=== ENTRIES SHOWN ===
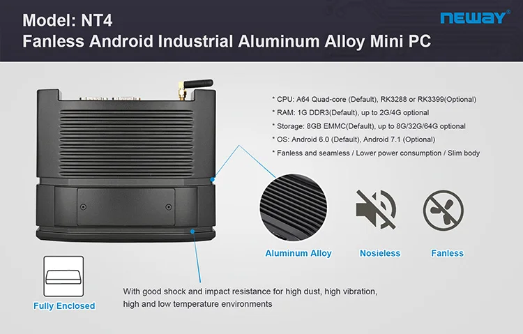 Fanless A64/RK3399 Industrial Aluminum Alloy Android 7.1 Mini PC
...
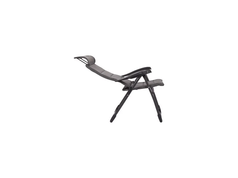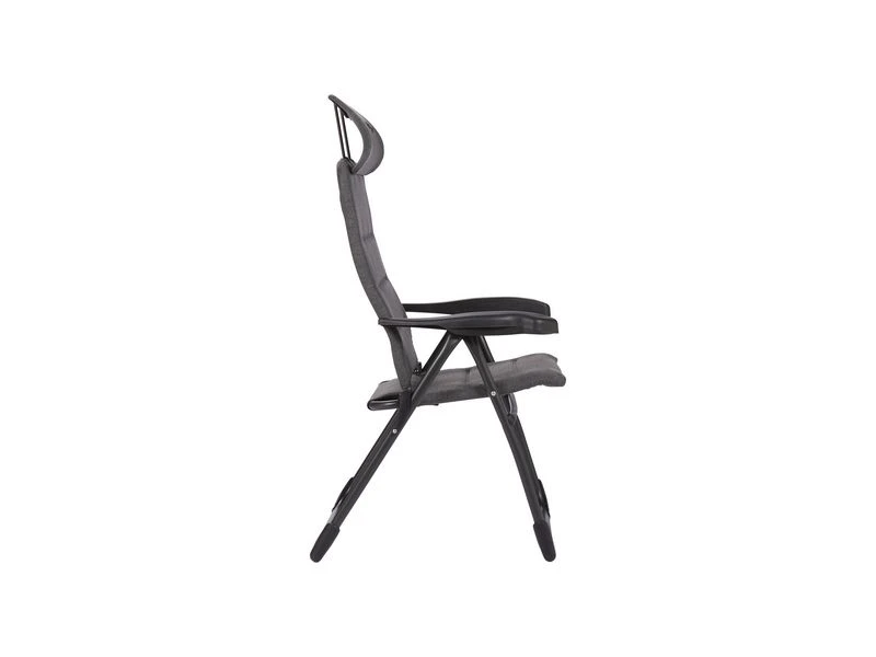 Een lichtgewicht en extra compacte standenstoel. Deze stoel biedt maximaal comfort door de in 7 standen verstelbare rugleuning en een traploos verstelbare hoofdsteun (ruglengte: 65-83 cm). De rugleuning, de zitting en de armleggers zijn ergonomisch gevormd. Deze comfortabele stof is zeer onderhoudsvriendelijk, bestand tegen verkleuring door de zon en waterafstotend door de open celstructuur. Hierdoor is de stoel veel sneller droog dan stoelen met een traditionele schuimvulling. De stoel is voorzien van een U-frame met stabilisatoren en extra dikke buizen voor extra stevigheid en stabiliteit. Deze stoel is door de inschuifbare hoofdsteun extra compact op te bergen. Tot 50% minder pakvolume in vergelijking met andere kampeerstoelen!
==
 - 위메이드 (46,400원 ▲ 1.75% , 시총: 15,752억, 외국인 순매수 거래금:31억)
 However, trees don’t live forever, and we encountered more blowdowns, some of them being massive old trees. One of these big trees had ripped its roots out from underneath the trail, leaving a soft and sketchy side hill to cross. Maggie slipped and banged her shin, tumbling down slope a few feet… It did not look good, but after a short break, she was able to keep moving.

=== YOUR OBJECTIVE ===
Using the listing above, copy exactly the line that contains "- 위메이드 (46,400원", the line that contains "However, trees don’t", and each line that falls between them.

=== RESULT OF THE EXERCISE ===
 - 위메이드 (46,400원 ▲ 1.75% , 시총: 15,752억, 외국인 순매수 거래금:31억)
 However, trees don’t live forever, and we encountered more blowdowns, some of them being massive old trees. One of these big trees had ripped its roots out from underneath the trail, leaving a soft and sketchy side hill to cross. Maggie slipped and banged her shin, tumbling down slope a few feet… It did not look good, but after a short break, she was able to keep moving.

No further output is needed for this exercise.